MySQL: It is as of now owned and maintained by Oracle Corporation. It can be installed from the source code itself, manually.
It is also available for cloud, SaaS and Web applications and can run on different platforms including Linux, MacOS and Windows. One major advantage of MySQL is that it is in the industry for a long time and hence it has a stronger community.
MongoDB: It is as of now owned and maintained by MongoDB Inc. It is incredibly simple to deploy MongoDB. It is available for Cloud, SaaS and Web applications and can run on numerous platforms including Linux, MacOS and Windows.
Also, MongoDB has been seen to attract developers with its perfect and simple working along with its helping and collaborative community.
To conclude the above discussion, all we can say is – MySQL and MongoDB – both have their own pros and cons. And, to find out which one is best for you, you need to take into consideration your business goals and project requirements. Let’s see which one is suitable in which condition.
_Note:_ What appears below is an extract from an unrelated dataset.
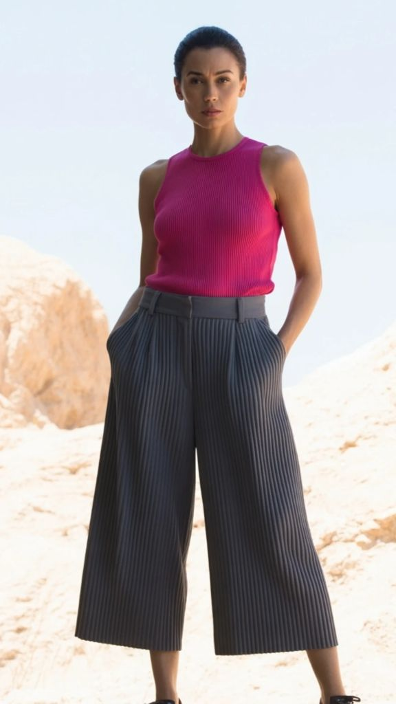 If you’ve been hesitant to try a bold color with your culottes, let this be the look that changes your mind. A vibrant fuchsia ribbed tank against charcoal pinstripe pleated culottes is arresting in the best possible way — the kind of outfit that makes people look twice and then smile. The culottes here are more tailored, with front pleats and a structured waistband, which gives them a trouser-like quality that balances the playful energy of the hot pink top. This is what chic culottes summer fashion looks like when you’re not afraid to have fun.

With this, we have now investigated everything that is required to get you at a position where you can choose which database would be better for your business. MySQL is generally used for its management ease and flexibility. Its proper data handling techniques can assist you to address various concerns.
However, if your data is perplexing and unstructured, or if you can’t define your schema ahead of time, you can go with MongoDB. Additionally, if you need to store a large volume of data, MongoDB should be your preferred choice.
If you still need assistance, you can connect with our experts right here.